Now we look at what happens if we don't get a closed loop. It's a little messy to analyze the behavior of keys that appear more than once in the sequence, so the trick used in the paper is to observe that for any sequences of nestless keys x_{1}...x_{p}, there is a subsequence of size p/3 with no repetitions that starts with x_{1}. Since there are only two subsequences that starts with x_{1} (we can't have the same key show up more than twice), this will either be x_{1}...x_{j-1} or x_{1}=x_{i+j-1}...x_{p}, and a case analysis shows that at least one of these will be big.
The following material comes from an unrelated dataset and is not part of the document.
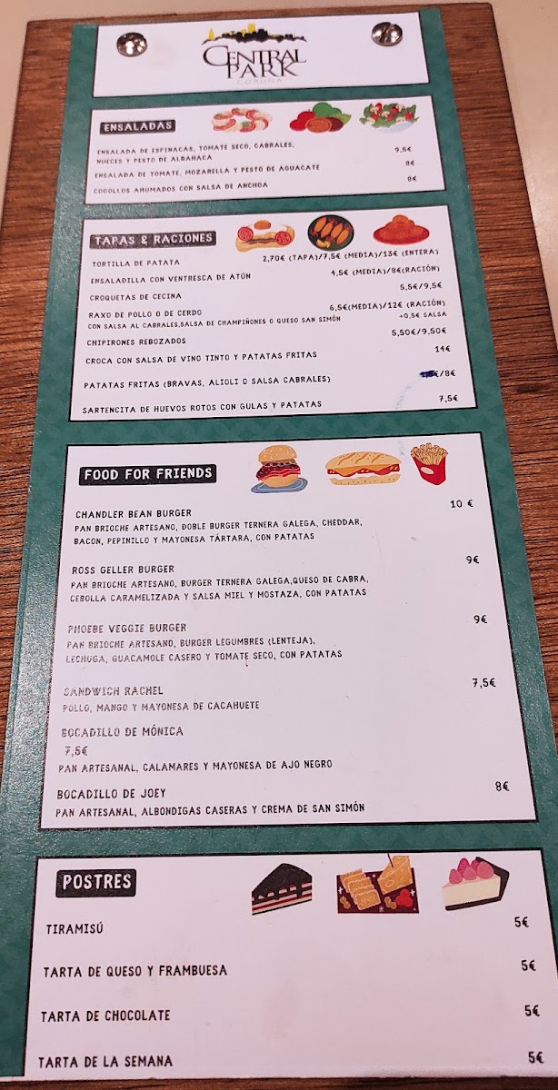 Welcome to Central Park - Rua Emilia Pardo Bazan, a charming coffee shop nestled in the heart of A Coruña. This neighborhood gem invites you to unwind with friends or family over a delightful beverage. The menu features a selection of tasty tapas, perfect for casual dining. While patrons rave about the friendly service and pleasant ambiance, some note that the food could use a little refinement, making it ideal for a quick bite rather than an elaborate meal.

We can then argue that the probability that we get a sequence of v distinct keys starting with x_{1} in either T_{1} or T_{2} is at most 2(s/r)^{v-1} (since we have to hit a nonempty spot, with probability ≤ s/r, at each step, but there are two possible starting locations), which gives an expected insertion time bounded by ∑ 3v (s/r)^{v-1} = O(1).

Using a slightly more detailed analysis (see the paper), it can be shown that the bound for non-constant ε is O(1+1/ε).

# 5. Bloom filters

See MitzenmacherUpfal §5.5.3 for basics and a principled analysis or Bloom filter for many variations and the collective wisdom of the unwashed masses.